Advertising Technology Companies: What They Sell vs. What You Need

Advertising technology companies build the infrastructure that sits between a brand’s budget and its audience. They handle the buying, targeting, serving, and measurement of digital ads at scale, and the category now spans hundreds of platforms, each solving a slightly different part of the same problem. The challenge for any senior marketer is not finding adtech vendors. It is working out which ones are actually worth the contract.

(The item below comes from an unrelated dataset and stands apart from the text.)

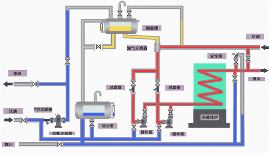有机热载体炉是以烟煤、轻油、重油、可燃性气体、废木料、砂光粉为燃料,导热油或熔盐为热载体,通过循环泵强路液循环将热能输送给用热设备,继后返回加热炉再加热的直流式特种工业炉,有着其它工业炉不能比拟的工艺特点:
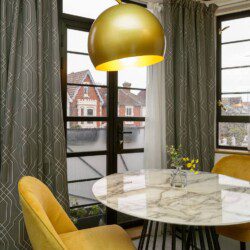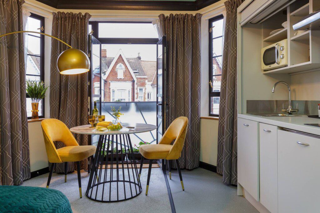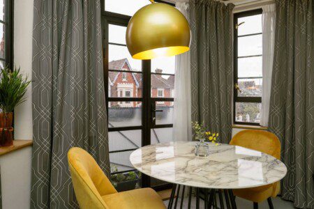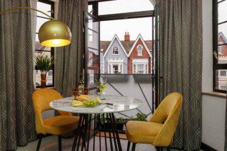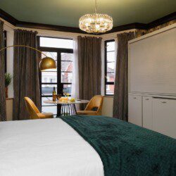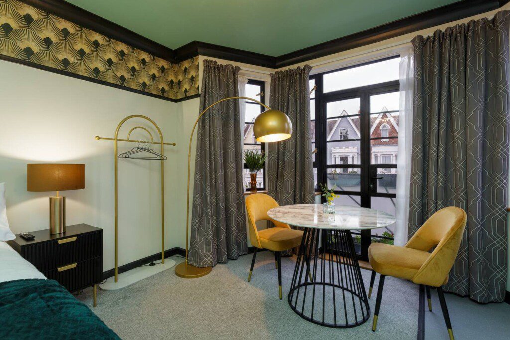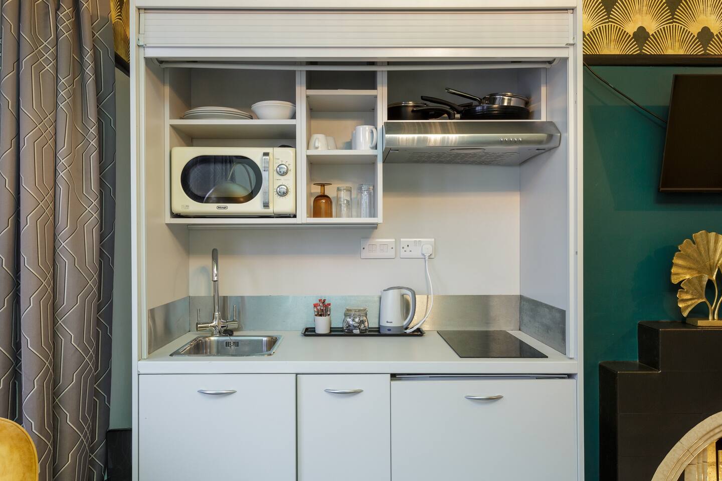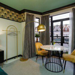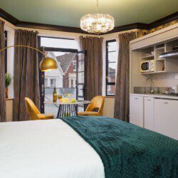 Step into a cosy Art Deco retreat with rich emerald-and-gold design touches and modern comfort. Studio 1 sits at the front of the building overlooking a lively street with bars and restaurants — perfect if you like being close to the action (light sleepers may prefer a rear studio).

That distinction matters more than most vendor decks will ever admit.

Key Takeaways

  • The adtech stack has grown faster than most marketing teams’ ability to evaluate it. Buying decisions made under time pressure routinely outlast the strategy they were meant to support.
  • Most adtech vendors optimise for their own metrics, not your business outcomes. Understanding the difference is the most commercially important skill in this category.
  • Programmatic buying, clean rooms, and identity resolution are not interchangeable. Each solves a specific problem, and deploying the wrong tool for the wrong problem is expensive.
  • The measurement layer of your adtech stack deserves as much scrutiny as the activation layer. A tool that tells you what you want to hear is not a measurement tool.
  • Adtech consolidation is accelerating. The vendors who survive the next five years will be the ones with genuine data assets, not just distribution pipes.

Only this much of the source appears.